Stop treating your marketing copy like it's a thesis.
Most people scan brochures, mailers and websites. For those that have the time or attention span to actually read your copy, give them some incentives to do so. Make your headline resonate with them, not you. Leave mini treats on a trail for readers to want to continue on. Remember E.T. and the Reese's Pieces?
Stop thinking of marketing as a formal presentation.
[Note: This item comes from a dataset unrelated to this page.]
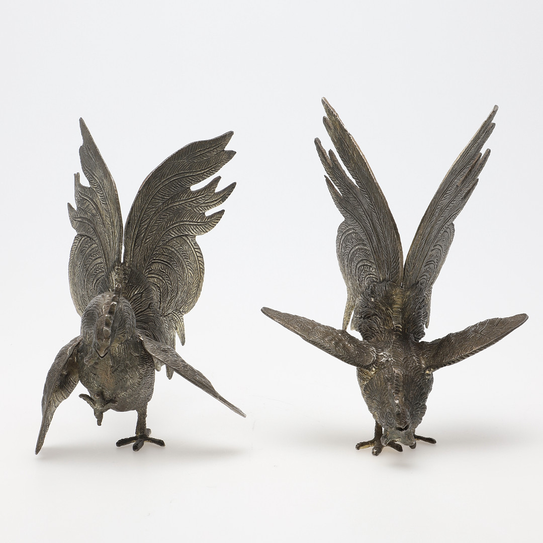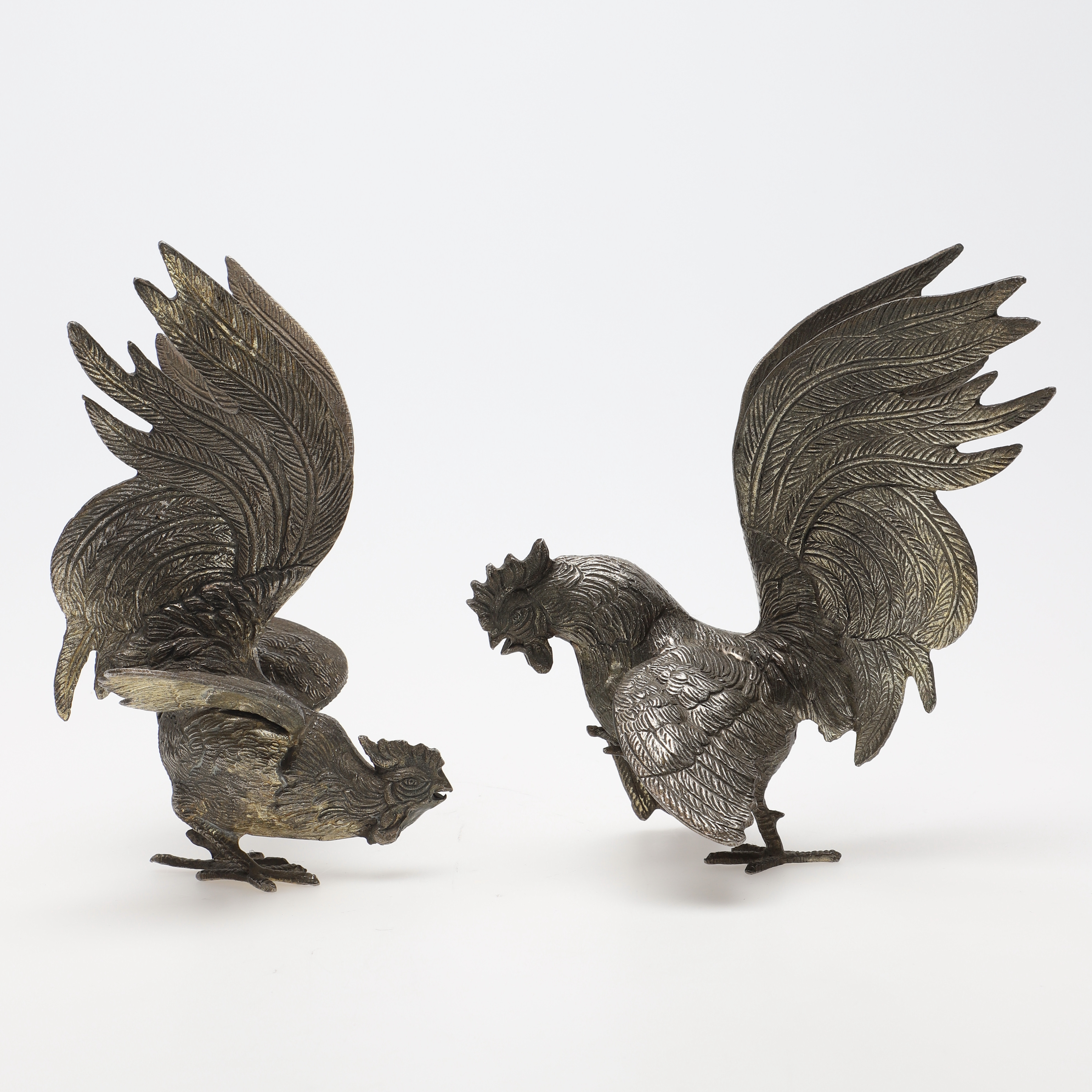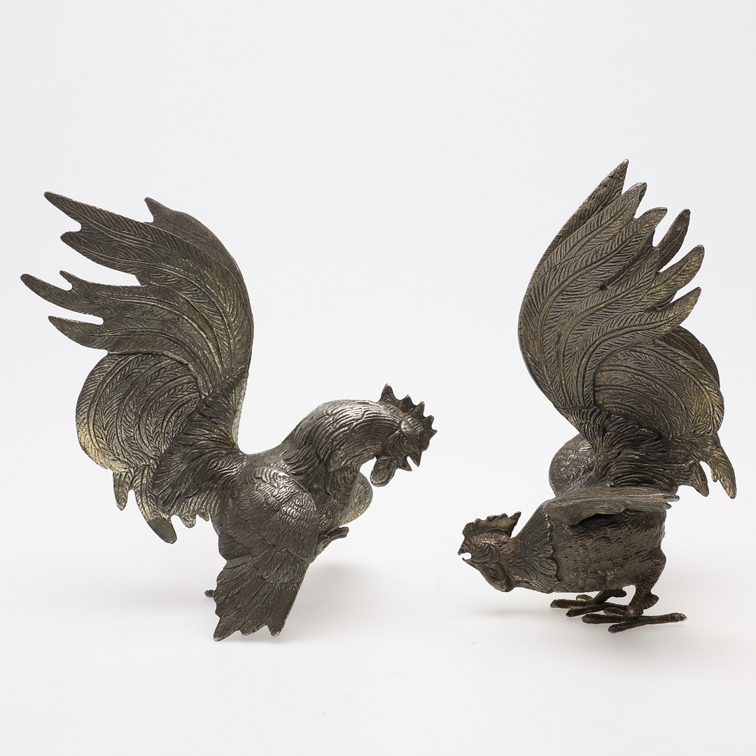 2369463. TISCHDEKORATION, 2 Stück, Kampfhähne, Metall.

Good marketing presents itself as a friendly handshake, not a lecture. Facts alone rarely sell, but facts woven with a smart, emotive approach works wonders. It should feel like Mom's cooking, even if the content is serious stuff. Believe me, you will have to give your audience incentive to part with their cash. The stodgy, formal technique might have worked as recent as a decade ago, but not in today's Purple Cow pasture. I see many clients struggle over 'this word or that' in a paragraph. If you're using a magnifying glass, chances are you're doing it wrong.
Stop overdoing it.
Quality always beats quantity. Give your audience a reason to listen, call, visit, or click through with one marketing piece, not five. Spend more time brainstorming, listening and studying great ideas and less on banging out content. Further, you must appear comfortable in your messaging. If you blast people with too much information, too many mailers, or e-mails - it feels desperate.
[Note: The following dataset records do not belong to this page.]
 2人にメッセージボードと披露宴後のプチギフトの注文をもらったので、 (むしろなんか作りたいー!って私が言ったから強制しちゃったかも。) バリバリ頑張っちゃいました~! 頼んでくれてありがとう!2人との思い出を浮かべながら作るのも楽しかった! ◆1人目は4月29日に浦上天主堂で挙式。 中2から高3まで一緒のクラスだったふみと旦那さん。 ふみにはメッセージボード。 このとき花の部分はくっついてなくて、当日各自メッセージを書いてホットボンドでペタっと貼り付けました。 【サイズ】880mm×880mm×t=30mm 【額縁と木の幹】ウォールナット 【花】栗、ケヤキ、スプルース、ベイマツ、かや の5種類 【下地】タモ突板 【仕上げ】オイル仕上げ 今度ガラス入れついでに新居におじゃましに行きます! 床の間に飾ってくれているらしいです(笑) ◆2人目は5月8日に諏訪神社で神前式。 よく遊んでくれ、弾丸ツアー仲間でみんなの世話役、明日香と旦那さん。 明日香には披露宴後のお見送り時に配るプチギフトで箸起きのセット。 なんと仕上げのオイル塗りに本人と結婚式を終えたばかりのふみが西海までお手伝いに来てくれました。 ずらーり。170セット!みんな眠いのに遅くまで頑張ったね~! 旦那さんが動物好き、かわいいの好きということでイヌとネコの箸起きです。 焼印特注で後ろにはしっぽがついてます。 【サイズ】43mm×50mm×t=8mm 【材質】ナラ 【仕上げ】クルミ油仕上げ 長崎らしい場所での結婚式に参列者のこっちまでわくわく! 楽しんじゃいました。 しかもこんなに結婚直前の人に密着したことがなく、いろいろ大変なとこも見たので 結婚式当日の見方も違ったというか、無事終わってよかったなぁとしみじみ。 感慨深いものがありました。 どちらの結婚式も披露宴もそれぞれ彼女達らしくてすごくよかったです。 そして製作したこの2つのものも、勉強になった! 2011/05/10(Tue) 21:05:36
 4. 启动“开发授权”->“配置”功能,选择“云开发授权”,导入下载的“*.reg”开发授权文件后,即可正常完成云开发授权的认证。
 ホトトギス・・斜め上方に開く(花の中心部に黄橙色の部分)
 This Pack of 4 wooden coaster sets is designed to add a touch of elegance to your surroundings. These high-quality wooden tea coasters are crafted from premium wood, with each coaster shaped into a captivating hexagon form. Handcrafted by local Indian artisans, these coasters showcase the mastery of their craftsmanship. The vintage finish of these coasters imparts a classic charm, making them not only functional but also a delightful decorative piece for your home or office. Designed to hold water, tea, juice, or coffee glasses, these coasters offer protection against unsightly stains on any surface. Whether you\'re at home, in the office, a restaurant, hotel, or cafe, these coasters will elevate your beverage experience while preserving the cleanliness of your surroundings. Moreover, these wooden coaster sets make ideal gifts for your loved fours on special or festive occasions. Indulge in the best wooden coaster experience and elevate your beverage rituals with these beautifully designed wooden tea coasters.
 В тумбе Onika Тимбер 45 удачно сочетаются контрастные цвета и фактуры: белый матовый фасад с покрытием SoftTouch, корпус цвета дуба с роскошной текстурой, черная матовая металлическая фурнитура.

Stop the smoke and mirrors.
Your audience is smart. They know you're a business. They see your motivations. It pays to acknowledge that. You really can't 'trick' someone, because at some point they'll have to reach into their wallet. They know why you're talking to them. Assume that much.
Stop stamp-branding.
Start thinking of branding as emotional assocation only. Throw away the rules and the manufactured stamper. Great brands stand for one or more positive associations for their audience. Do you think that they care if your only attribute is formulaic consistency? They don't. They will feel like a number and that's the worst thing you can do.
Stop underestimating the power of photography, video or icons.
A picture is worth a thousand words. Rinse and repeat.
Stop marketing. Start communicating.